In this exercise, return only the lines that run from the line with "30]. When applied" to the end of the entries below, both included. Pictures are not copied.

Saved entries
-----
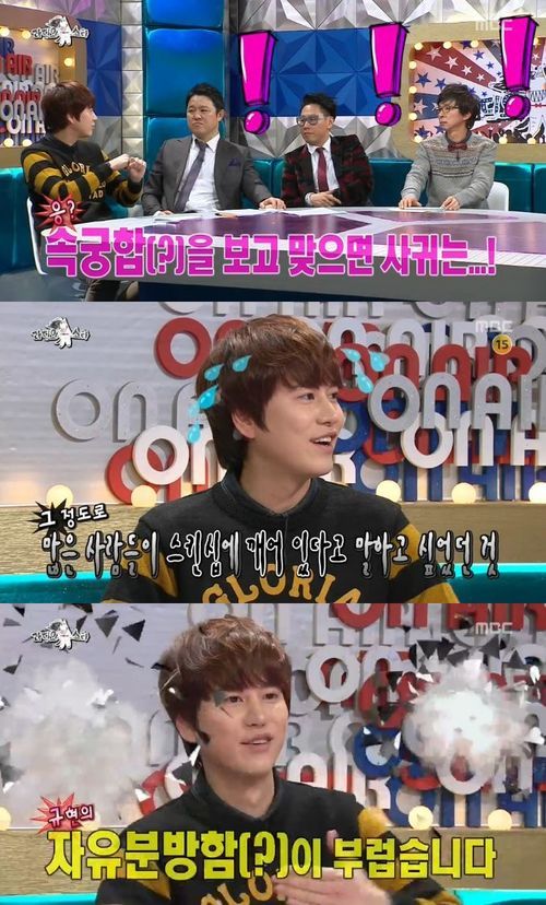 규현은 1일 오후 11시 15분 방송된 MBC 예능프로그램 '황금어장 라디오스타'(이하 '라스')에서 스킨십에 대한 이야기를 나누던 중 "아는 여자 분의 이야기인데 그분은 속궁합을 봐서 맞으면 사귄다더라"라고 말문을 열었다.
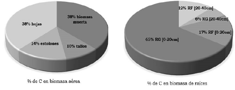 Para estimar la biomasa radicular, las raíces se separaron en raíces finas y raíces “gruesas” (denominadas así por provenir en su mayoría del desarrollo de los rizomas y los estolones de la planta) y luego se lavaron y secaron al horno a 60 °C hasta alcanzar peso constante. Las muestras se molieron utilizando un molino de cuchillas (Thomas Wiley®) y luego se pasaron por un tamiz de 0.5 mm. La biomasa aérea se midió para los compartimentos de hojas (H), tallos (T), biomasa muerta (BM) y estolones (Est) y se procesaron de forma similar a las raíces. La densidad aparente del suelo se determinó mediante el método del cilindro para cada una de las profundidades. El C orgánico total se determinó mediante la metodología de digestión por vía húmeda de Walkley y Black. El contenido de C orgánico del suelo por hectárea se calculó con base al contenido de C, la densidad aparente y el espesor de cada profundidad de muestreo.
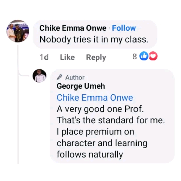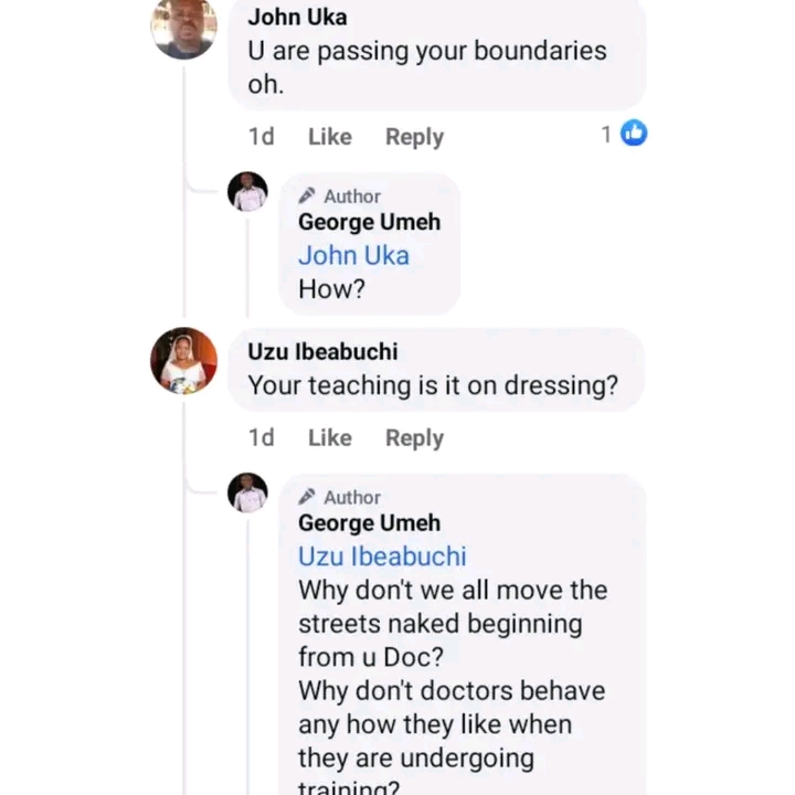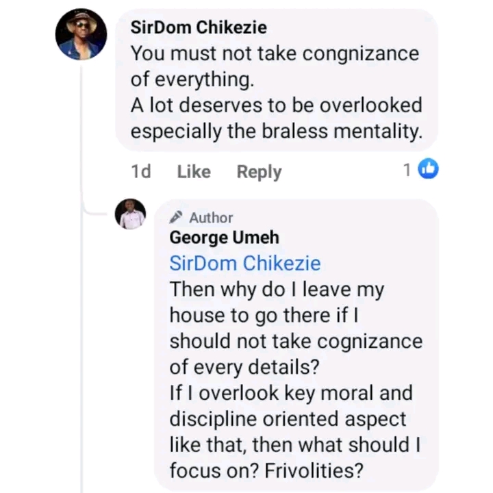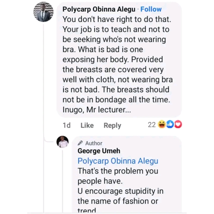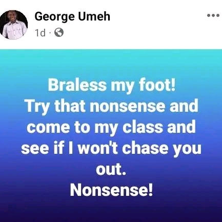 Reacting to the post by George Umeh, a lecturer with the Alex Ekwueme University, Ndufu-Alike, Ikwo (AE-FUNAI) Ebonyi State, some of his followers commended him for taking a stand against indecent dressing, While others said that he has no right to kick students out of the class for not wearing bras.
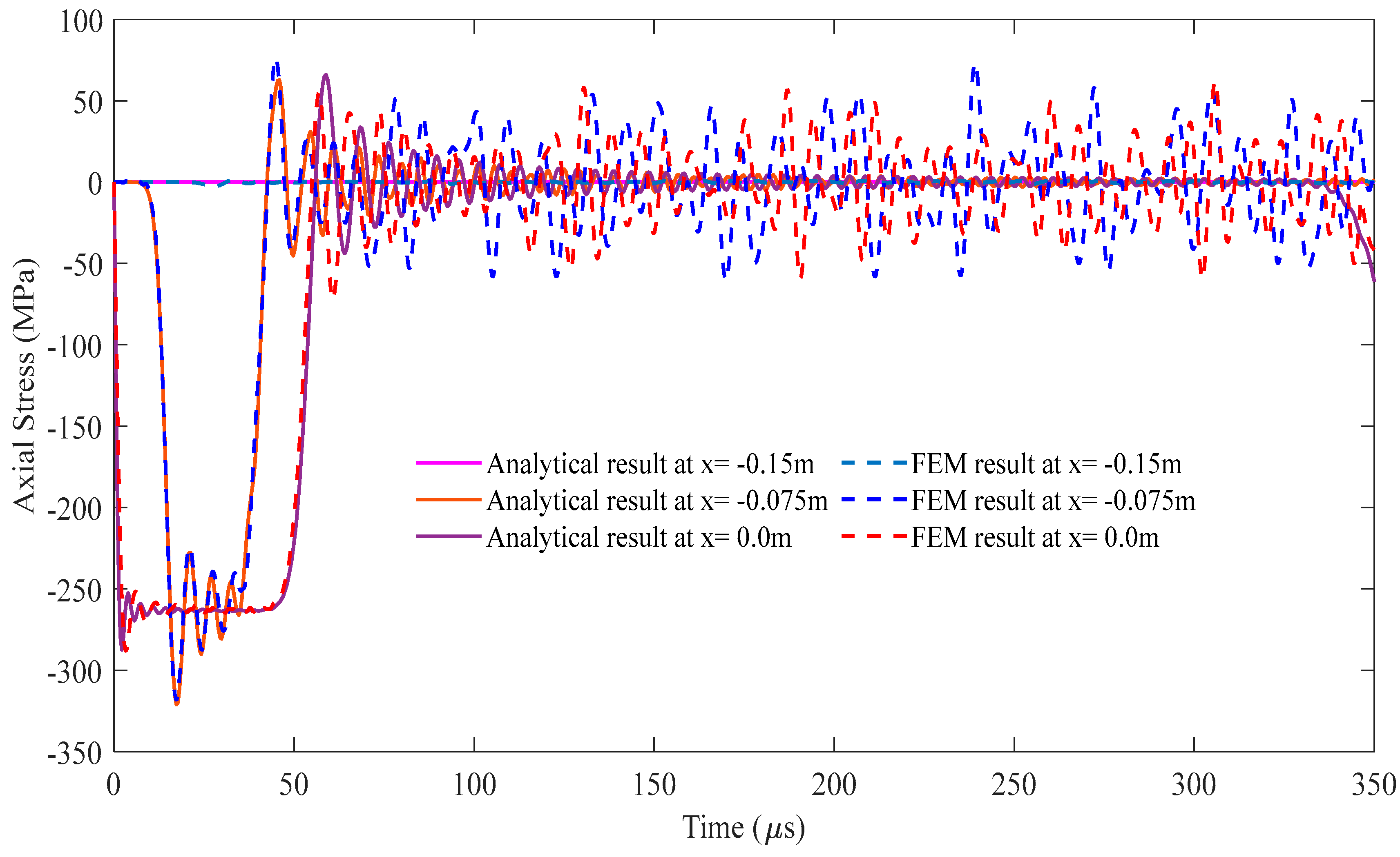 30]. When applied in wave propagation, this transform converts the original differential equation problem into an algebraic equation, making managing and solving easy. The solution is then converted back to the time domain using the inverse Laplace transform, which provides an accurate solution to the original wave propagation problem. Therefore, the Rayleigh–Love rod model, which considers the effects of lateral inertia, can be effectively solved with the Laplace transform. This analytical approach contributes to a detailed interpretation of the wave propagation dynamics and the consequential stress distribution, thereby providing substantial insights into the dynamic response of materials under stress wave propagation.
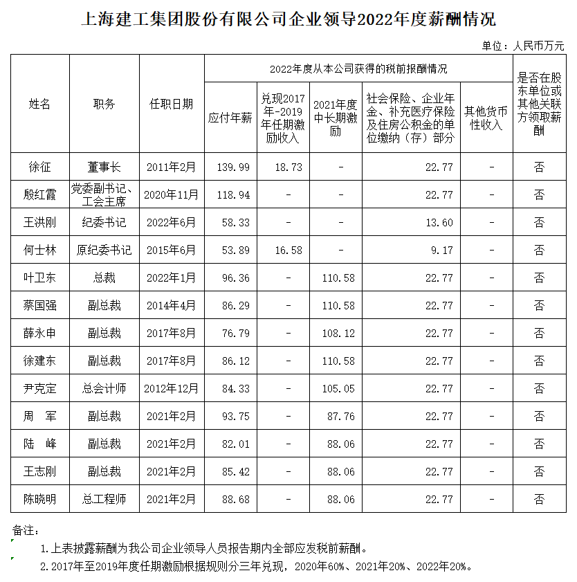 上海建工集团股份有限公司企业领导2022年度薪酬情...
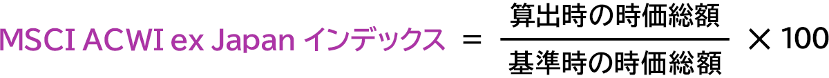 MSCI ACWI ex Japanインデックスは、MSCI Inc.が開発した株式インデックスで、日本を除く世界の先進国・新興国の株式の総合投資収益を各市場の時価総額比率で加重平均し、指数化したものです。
-----
_OUTPUT FOR THIS EXERCISE_
 30]. When applied in wave propagation, this transform converts the original differential equation problem into an algebraic equation, making managing and solving easy. The solution is then converted back to the time domain using the inverse Laplace transform, which provides an accurate solution to the original wave propagation problem. Therefore, the Rayleigh–Love rod model, which considers the effects of lateral inertia, can be effectively solved with the Laplace transform. This analytical approach contributes to a detailed interpretation of the wave propagation dynamics and the consequential stress distribution, thereby providing substantial insights into the dynamic response of materials under stress wave propagation.
 上海建工集团股份有限公司企业领导2022年度薪酬情...
 MSCI ACWI ex Japanインデックスは、MSCI Inc.が開発した株式インデックスで、日本を除く世界の先進国・新興国の株式の総合投資収益を各市場の時価総額比率で加重平均し、指数化したものです。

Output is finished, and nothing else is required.